Exercise: Only one stretch of the material below is wanted: everything from the line containing "コスモプラネタリウム渋谷の最寄駅渋谷駅からの徒歩ルート(約7分)地図" down to the line containing "Η παρουσιάστρια που", both ends included. Repeat it exactly and skip the pictures.

Data for the task:
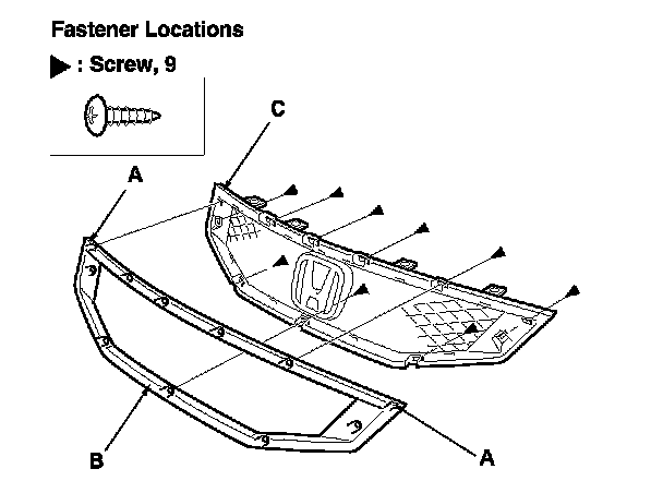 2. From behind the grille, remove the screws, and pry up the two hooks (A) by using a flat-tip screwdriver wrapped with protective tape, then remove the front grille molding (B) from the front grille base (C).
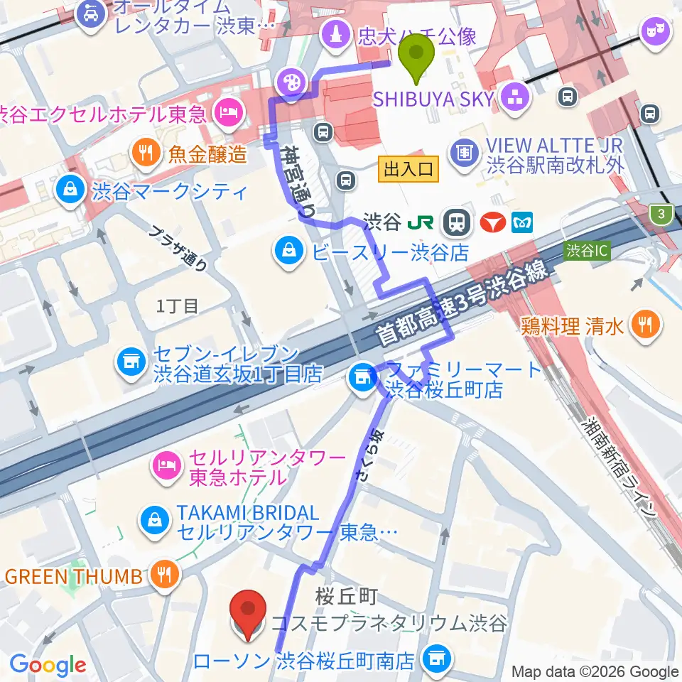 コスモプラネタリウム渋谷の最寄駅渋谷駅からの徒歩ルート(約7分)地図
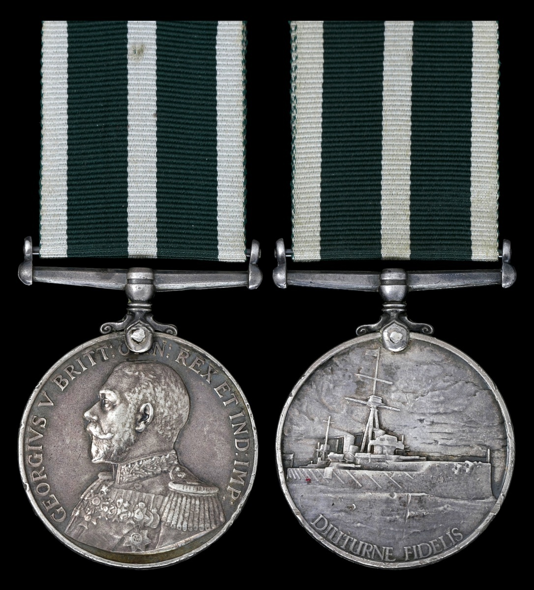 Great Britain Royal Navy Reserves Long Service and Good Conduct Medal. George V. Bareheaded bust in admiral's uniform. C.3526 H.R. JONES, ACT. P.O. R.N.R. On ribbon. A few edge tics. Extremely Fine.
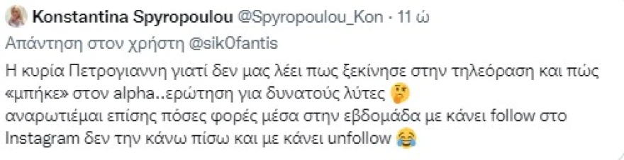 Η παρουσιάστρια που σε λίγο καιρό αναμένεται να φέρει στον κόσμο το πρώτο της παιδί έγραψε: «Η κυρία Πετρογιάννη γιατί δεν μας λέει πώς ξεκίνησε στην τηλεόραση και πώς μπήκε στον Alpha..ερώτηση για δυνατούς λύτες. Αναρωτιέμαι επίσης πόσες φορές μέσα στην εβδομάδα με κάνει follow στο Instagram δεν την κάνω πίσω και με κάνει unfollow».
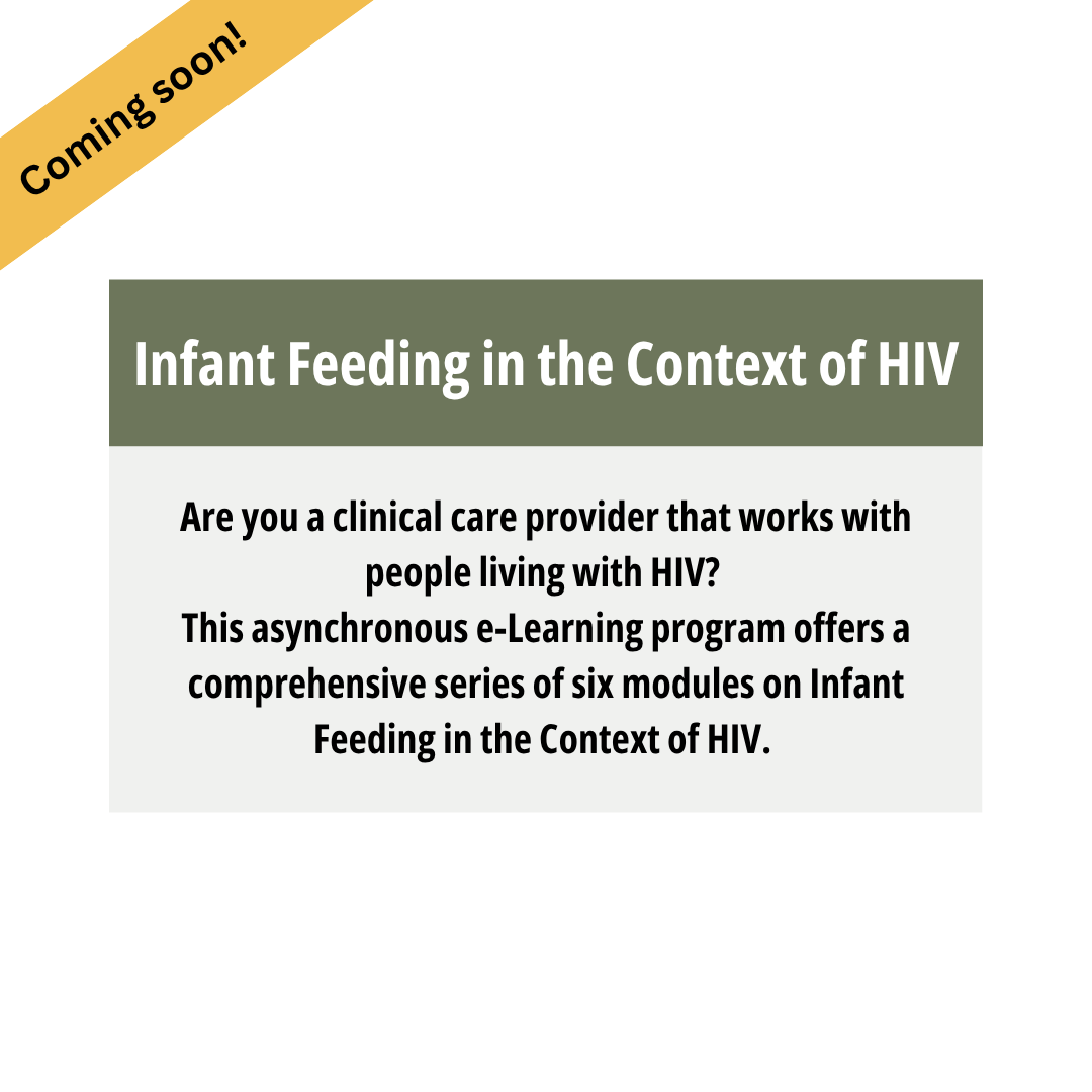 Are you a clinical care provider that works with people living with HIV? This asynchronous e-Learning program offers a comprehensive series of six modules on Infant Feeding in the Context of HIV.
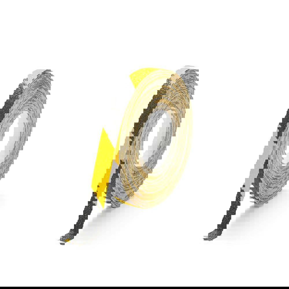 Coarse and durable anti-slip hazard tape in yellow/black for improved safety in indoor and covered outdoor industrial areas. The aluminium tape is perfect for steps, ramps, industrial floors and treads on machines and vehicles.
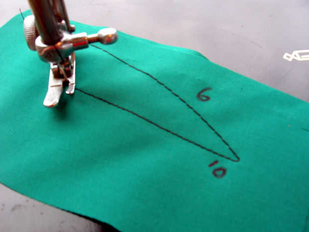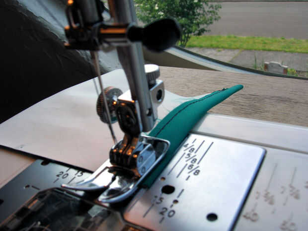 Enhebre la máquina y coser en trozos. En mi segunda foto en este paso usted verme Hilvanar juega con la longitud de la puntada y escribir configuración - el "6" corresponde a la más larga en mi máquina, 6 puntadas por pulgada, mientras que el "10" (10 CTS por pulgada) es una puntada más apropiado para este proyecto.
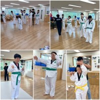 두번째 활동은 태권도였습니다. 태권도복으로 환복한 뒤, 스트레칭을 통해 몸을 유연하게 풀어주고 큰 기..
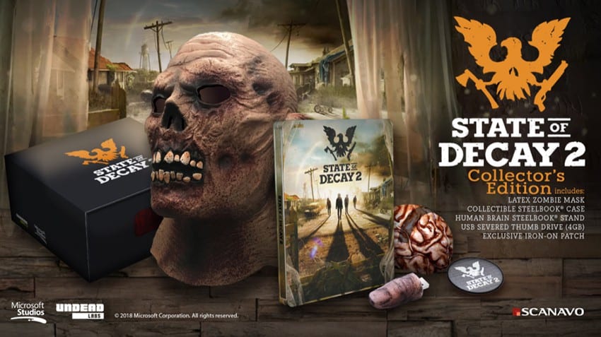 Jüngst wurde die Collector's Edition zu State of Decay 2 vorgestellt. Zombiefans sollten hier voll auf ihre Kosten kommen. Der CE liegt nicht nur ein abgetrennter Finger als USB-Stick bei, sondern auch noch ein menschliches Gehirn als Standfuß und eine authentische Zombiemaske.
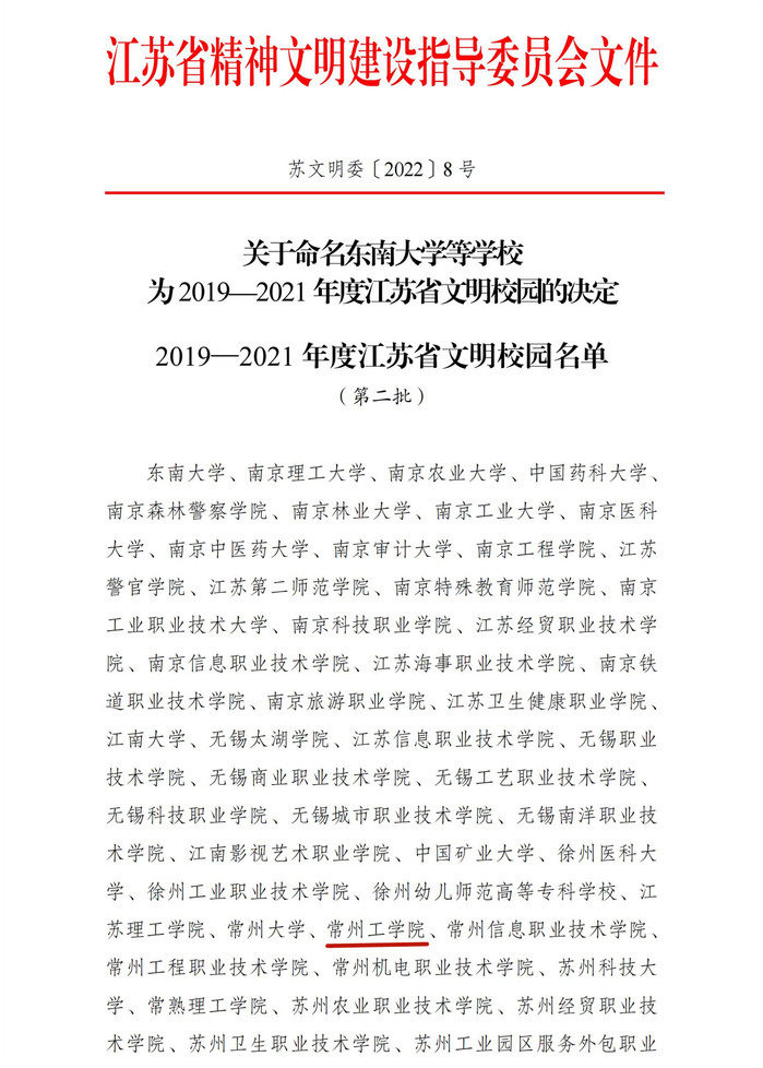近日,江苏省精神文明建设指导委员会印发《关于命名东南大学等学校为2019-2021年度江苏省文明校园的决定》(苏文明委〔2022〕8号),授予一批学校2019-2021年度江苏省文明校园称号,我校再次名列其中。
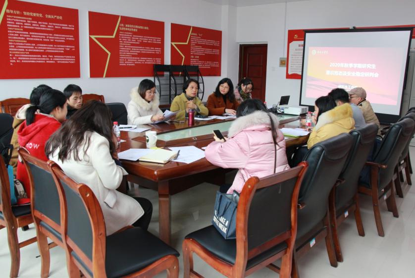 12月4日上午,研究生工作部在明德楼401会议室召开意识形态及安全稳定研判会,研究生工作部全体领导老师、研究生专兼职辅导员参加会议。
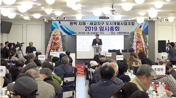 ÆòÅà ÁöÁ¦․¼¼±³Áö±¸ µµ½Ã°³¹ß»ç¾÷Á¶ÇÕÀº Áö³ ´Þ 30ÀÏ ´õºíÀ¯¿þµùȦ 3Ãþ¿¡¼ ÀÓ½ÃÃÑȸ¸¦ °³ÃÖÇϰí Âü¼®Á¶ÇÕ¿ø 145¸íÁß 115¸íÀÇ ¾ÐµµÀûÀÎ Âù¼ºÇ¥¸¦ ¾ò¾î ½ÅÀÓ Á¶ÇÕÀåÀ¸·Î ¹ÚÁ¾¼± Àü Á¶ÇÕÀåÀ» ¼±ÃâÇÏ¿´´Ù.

Solution to this task:
 コスモプラネタリウム渋谷の最寄駅渋谷駅からの徒歩ルート(約7分)地図
 Great Britain Royal Navy Reserves Long Service and Good Conduct Medal. George V. Bareheaded bust in admiral's uniform. C.3526 H.R. JONES, ACT. P.O. R.N.R. On ribbon. A few edge tics. Extremely Fine.
 Η παρουσιάστρια που σε λίγο καιρό αναμένεται να φέρει στον κόσμο το πρώτο της παιδί έγραψε: «Η κυρία Πετρογιάννη γιατί δεν μας λέει πώς ξεκίνησε στην τηλεόραση και πώς μπήκε στον Alpha..ερώτηση για δυνατούς λύτες. Αναρωτιέμαι επίσης πόσες φορές μέσα στην εβδομάδα με κάνει follow στο Instagram δεν την κάνω πίσω και με κάνει unfollow».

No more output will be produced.